PSAs have tremendous potential in communications since they can ideally provide noise free amplification with high-gain and broad bandwidth. However, they also put stringent requirements on the quality of the input phase and frequency locked waves. For instance in , it was reported that the pump phase modulation has more severe effect in PS operation than PI operation. Therefore it becomes necessary to study the NF of PSA comprehensively without any pump phase dithering used. In Fig. 12(left), idler NF is measured as a function of RF frequency. The lowest NF measured for the idler is 1.4 dB, implying that we observed no penalty between the signal and the idler NF.
However when pump phase dithering is used, Fig. 12(right), delta functions at the modulation frequency and its high harmonics appear in the NF measurement of the signal and the idler. The phase that is imparted on the pump by the phase modulation is transferred to the signal as the amplitude modulation in the PSA.
In this work, frequency-resolved NF measurements of FOPAs both in PI and PS modes are carried out, for the first time to the authors’ best knowledge. These measurements are performed in the frequency range from 0.03 to 3 GHz. For pump powers below SBS threshold, the NF is found to be independent of frequency.

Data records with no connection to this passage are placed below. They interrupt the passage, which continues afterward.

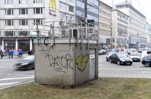 München – Sonnenstraße, Ecke Schwanthalerstraße: Vier Fahrspuren von Süd nach Nord, fünf von Nord nach Süd. Zwei von Ost nach West, drei von West nach Ost. Mehr Kreuzung als hier am Münchner Stachus ist kaum möglich. Und doch steht dort etwas, was nicht hingehört: ein Messhäuschen d
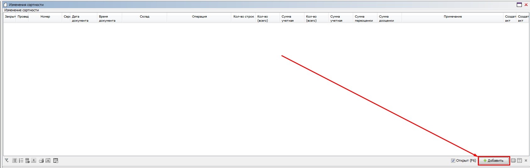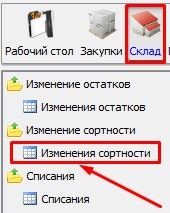 - Заходим на форму "Изменения сортности" - в модуле Склад раздел "Изменение сортности"
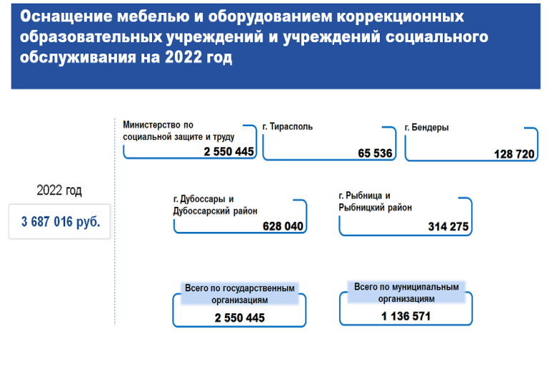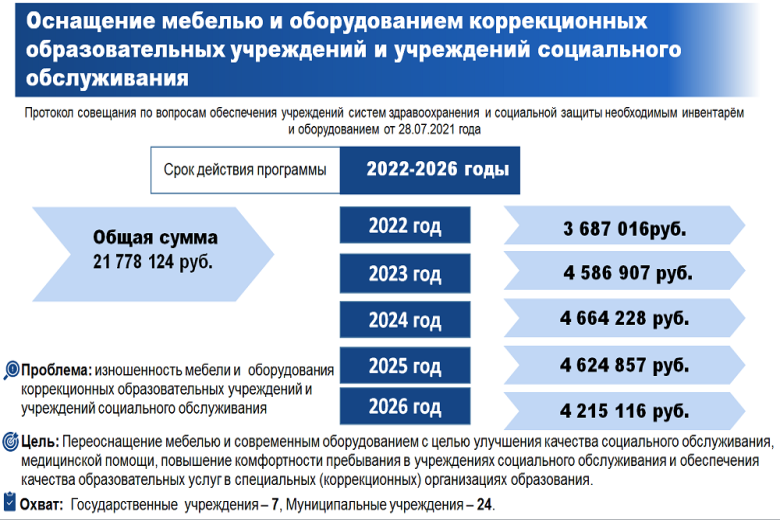 В 2022 году может стартовать и программа оснащения мебелью и оборудованием коррекционных образовательных учреждений и учреждений социального обслуживания. В нее вошли 7 государственных учреждений и 24 муниципальных. В будущем году стартовать могут с 3,6 млн рублей, часть из которых пойдет на государственные, а часть на муниципальные организации. Начало финансирования программы с 2022 года позволит улучшить качество социального обслуживания, медицинской помощи, повысить комфортность пребывания в учреждениях социального обслуживания и обеспечить качество образовательных услуг в специальных (коррекционных) организациях образования.
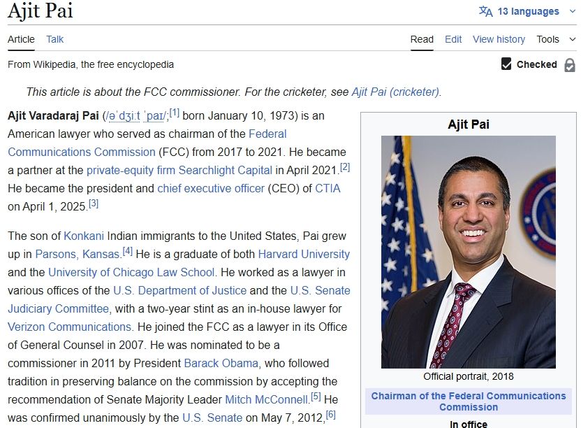 No, it's actually an amalgamation of an Indian American lawyer Pai Ajit's name.
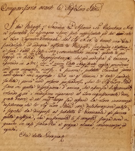 I due religiosi e sacerdoti Padre Ascanio e Padre Colombino,Minori Osservanti,ed espongono essere stato rappresentato per due volte al loro Superiore Provinciale dal Sig N.N. di tenere una vita scandalosa et indegna affatto di religiosi forestando mattina e sera tutte le case ;commettendo ancora quanto di più leggesi in detta rappresentanza che per modestia si tacciono;asserendo in oltre che il nuovo eletto Magistrato voglia prevedervi con poco onorevoli ricorsi.E siccome i suddetti Sacerdoti sanno non esser rei appresso Dio ne gl’Uomini di tale scandalosa vita ; perciò non possono persuadersi che le Sig Loro Ill.me siano in quelle disposizione d’animo che asserisce il Ricorrente volendo perciò i medesimi riparare al loro ingiustamente denigrato onore e nel medesimo tempo far contare la loro innocenza desiderano che le Sig Loro Ill.me con deliberazione palese o segreta da dirigersi al suddetto Padre Provinciale gli faccino quella giustizia che giustamente li si compete senza avere riguardo in caso sieno rei a grazia alcuna,convenienza ed equità

However as the pump goes above SBS threshold, sharp peaks start to appear from 0.03 to 0.1 GHz. NF variation with signal input powers is also recorded and it matches reasonably with the theory. Effects of IL locking range on NF of PSA is also presented.
This work is supported by the Swedish Research Council, by the European Research Council under grant agreement ERC-2011-AdG - 291618 PSOPA and by the K.A. Wallenberg Foundation. The authors would like to acknowledge S. Olsson for useful discussions on injection-locking.